Приподнял берет, провёл ладонью по голове, пригладил давно нестриженные влажные волосы. Оглянулся — в окне вагона увидел своё отражение. Покачал головой — отражавшийся в стекле высокий широкоплечий молодой мужчина в парадной форме десантника Советской армии повторил мой жест. Я разглядывал его лицо и всё ещё не верил, что смотрю на себя. Пошевелил руками — те безболезненно откликнулись на мой призыв, словно их не расплющило о Средиземное море вместе с салоном самолёта. Взглянул на предплечье — не увидел на нём привычную татуировку. Прикоснулся к карману, где час назад обнаружил свой военный билет на имя Сергея Леонидовича Чернова — убедился, что не обронил документ в вагоне.

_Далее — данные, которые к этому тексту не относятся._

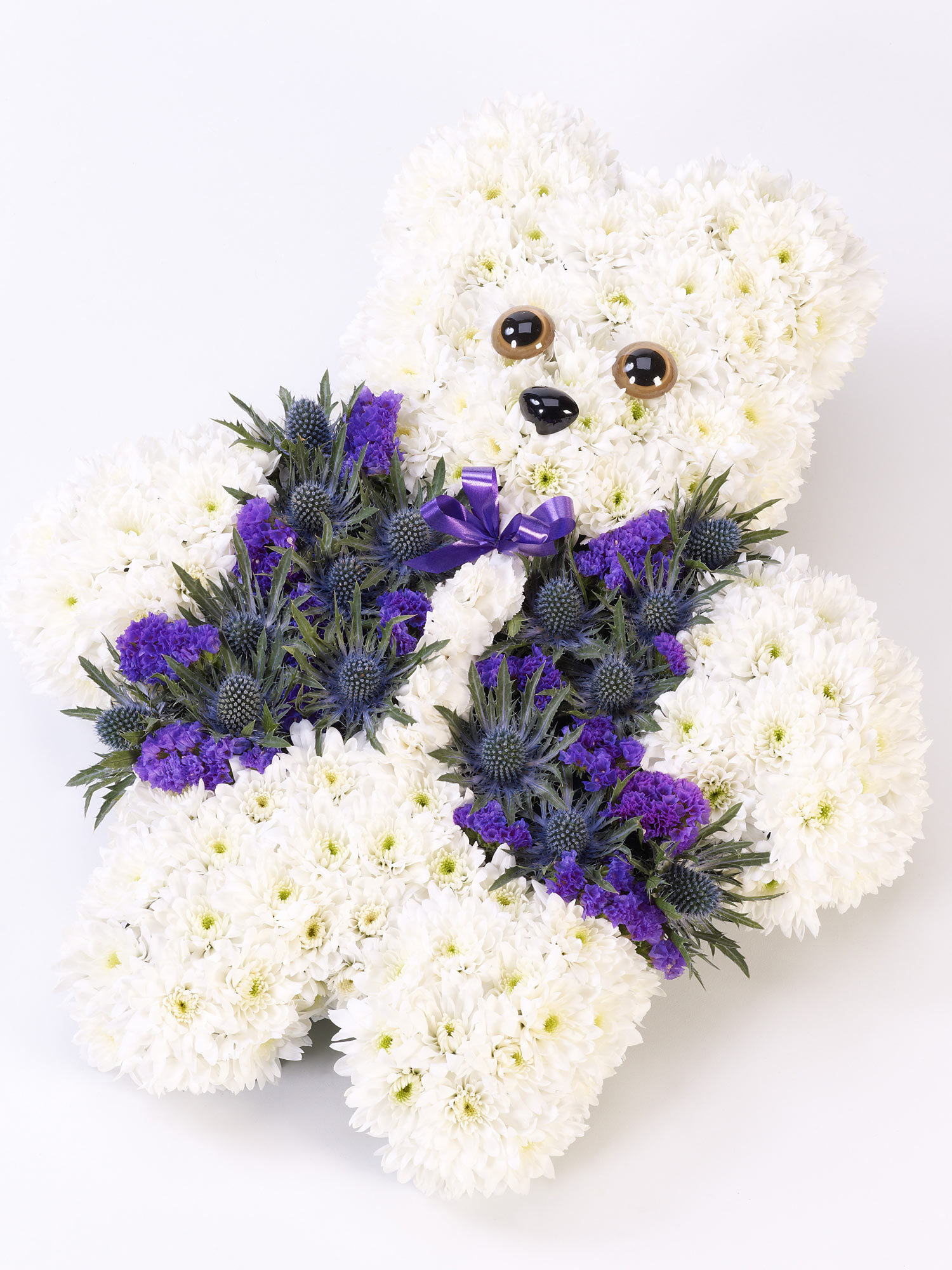 Double spray chrysanthemums, spray carnations, eryngium and statice are used to create this blue and white design shaped like a teddy bear.

Взглядом отыскал киоск «Союзпечать», рядом с которым выстроились пассажиры московского поезда. Подхватил свой чемодан и вразвалочку подошёл к людям, жаждавшим приобрести в дорогу печатную продукцию. Прошёлся вдоль очереди и замер около стеклянной витрины. «Ни „Марсов“, ни „Сникерсов“, ни жевательной резинки», — отметил я. Услышал, как лысый мужчина запросил у продавщицы «Советский спорт». Глазами пробежался по названиям газет: «Правда», «Труд», «Советская Россия», «Комсомольская правда», «Известия». Отметил, что почти на всех газетах красовалась одна и та же дата (та самая, которую мне совсем недавно озвучили попутчики): суббота, двадцать третье июня тысяча девятьсот семьдесят третьего года.
Пробормотал:
— Не рай, не ад. СССР. Семьдесят третий год.
«Мама и папа сейчас живы, — подумал я. — Скоро увижу их. И Кирилла».
Почувствовал: сердце уже не рвалось из груди наружу, успокоилось. «Как странно время… летит», — подумал я. Вспомнил, как буквально час назад летело не время — летел я сам: на самолёте «Боинг 737–800» на Кипр. Посматривал на симпатичных улыбчивых стюардесс, бросал взгляды в иллюминатор: на видневшиеся далеко внизу облака. Потягивал из стакана не самый лучший виски. Прикидывал, за сколько часов завершу дела на острове. Предвкушал, что скоро окунусь в тёплое море. Вот только «что-то пошло не так»: я искупался в море раньше, чем планировал — вместе с самолётом. «После падения с такой высоты не выживают», — в очередной раз сказал я сам себе. Память напомнила о тех ощущениях, что предшествовали забвению: не о самых приятных.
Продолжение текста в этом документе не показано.